=== Provided entries ===
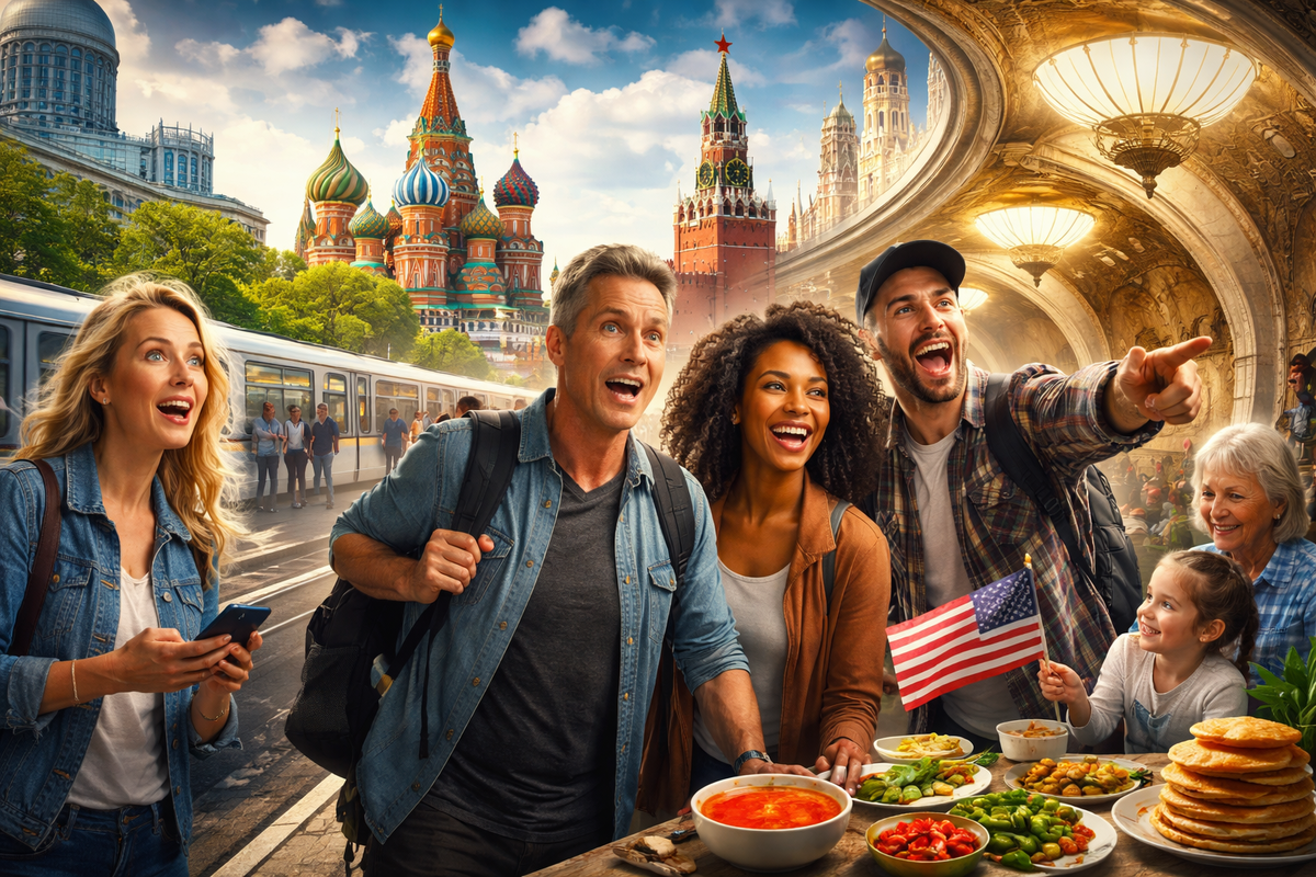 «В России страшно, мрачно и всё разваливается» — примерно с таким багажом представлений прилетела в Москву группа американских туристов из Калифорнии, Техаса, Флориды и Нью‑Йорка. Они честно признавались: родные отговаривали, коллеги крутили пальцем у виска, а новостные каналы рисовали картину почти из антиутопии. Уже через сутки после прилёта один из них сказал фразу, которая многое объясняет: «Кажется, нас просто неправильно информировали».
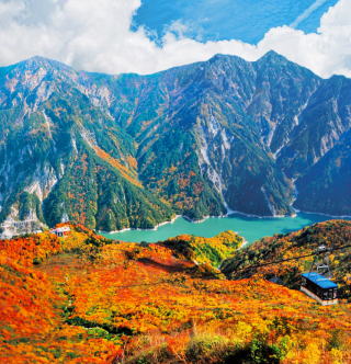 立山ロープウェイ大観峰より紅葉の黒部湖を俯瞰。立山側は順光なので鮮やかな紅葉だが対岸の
===
=== Provided entries ===
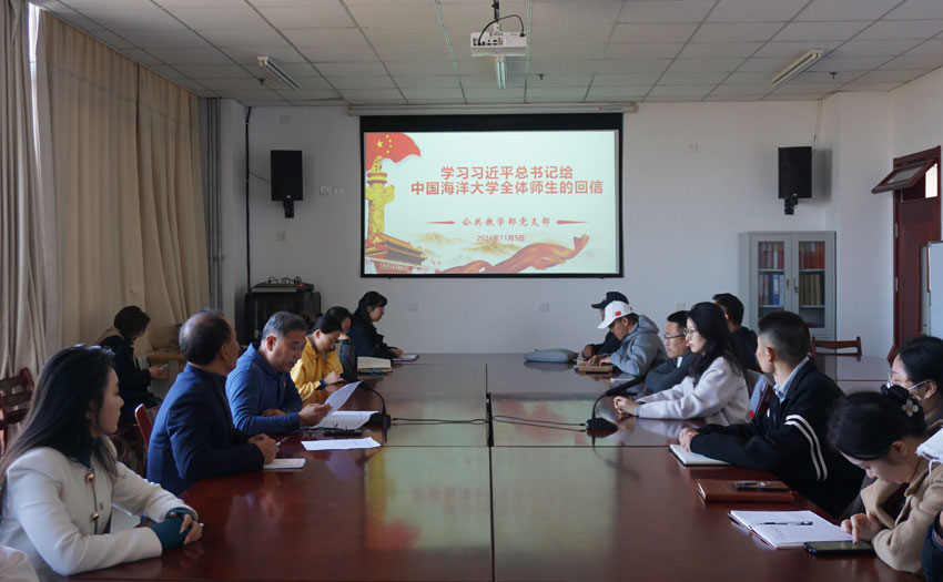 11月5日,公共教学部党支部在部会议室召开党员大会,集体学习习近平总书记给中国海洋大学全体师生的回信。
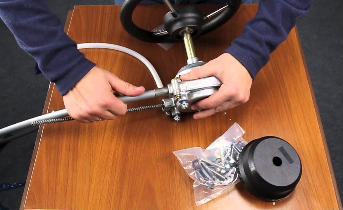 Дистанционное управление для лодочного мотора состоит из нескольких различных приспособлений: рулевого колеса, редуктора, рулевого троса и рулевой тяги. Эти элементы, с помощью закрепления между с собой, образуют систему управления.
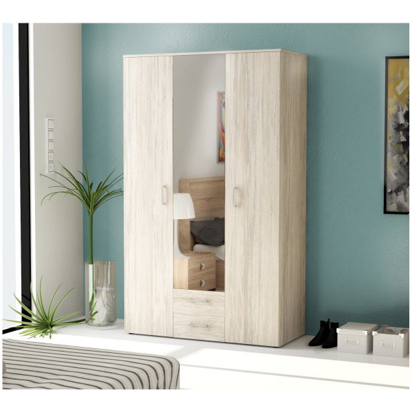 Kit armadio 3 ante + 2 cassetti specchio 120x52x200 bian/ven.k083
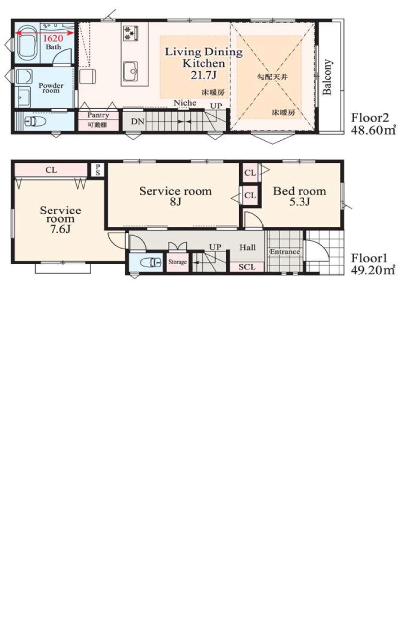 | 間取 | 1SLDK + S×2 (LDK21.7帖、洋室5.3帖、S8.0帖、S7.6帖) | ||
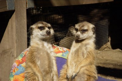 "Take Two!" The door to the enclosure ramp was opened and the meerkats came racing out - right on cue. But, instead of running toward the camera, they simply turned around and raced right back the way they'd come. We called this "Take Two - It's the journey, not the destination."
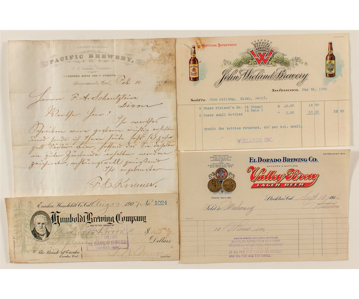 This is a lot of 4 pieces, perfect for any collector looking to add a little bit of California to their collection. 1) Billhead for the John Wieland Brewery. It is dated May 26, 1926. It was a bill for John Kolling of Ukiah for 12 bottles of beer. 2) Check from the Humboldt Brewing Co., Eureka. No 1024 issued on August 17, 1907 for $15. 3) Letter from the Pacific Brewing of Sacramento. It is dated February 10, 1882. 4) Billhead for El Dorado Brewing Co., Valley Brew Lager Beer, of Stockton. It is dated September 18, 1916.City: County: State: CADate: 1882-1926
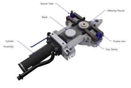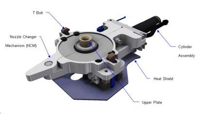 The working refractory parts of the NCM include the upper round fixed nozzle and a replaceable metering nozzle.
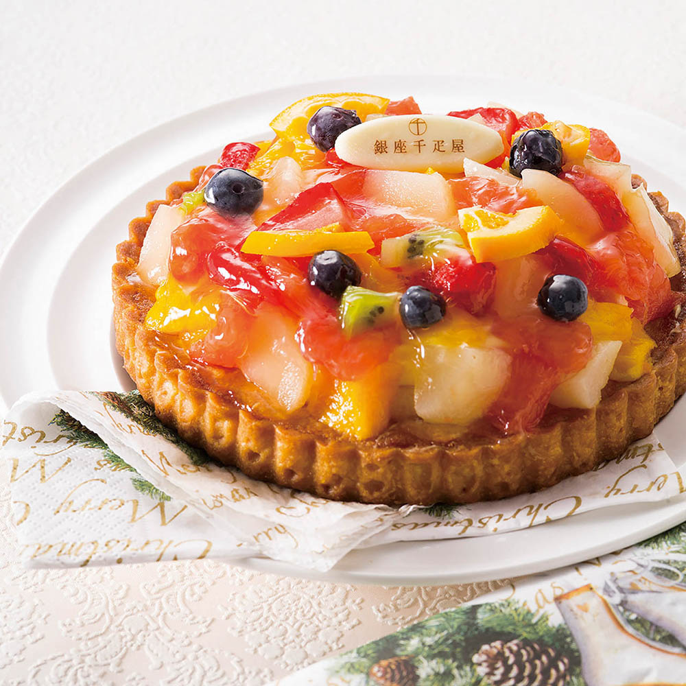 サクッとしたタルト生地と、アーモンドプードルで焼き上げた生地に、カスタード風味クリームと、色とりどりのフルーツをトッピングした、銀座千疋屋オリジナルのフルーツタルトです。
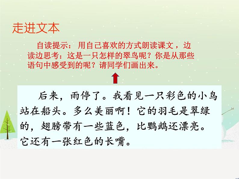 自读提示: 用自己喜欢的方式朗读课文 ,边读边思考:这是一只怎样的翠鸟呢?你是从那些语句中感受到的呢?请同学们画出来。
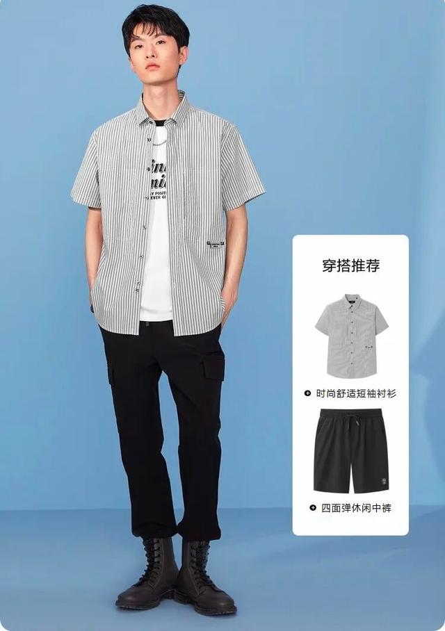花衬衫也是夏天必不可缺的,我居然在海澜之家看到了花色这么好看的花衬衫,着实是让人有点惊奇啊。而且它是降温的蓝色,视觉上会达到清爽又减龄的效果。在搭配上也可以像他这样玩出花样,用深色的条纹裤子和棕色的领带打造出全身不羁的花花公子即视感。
===
__Task item__. Using the data above, set down each line from the line with "России страшно, мрачно" to the line with "立山ロープウェイ大観峰より紅" exactly, both ends included, and leave the pictures behind. Nothing else belongs.

__Reply to the exercise__.
 «В России страшно, мрачно и всё разваливается» — примерно с таким багажом представлений прилетела в Москву группа американских туристов из Калифорнии, Техаса, Флориды и Нью‑Йорка. Они честно признавались: родные отговаривали, коллеги крутили пальцем у виска, а новостные каналы рисовали картину почти из антиутопии. Уже через сутки после прилёта один из них сказал фразу, которая многое объясняет: «Кажется, нас просто неправильно информировали».
 立山ロープウェイ大観峰より紅葉の黒部湖を俯瞰。立山側は順光なので鮮やかな紅葉だが対岸の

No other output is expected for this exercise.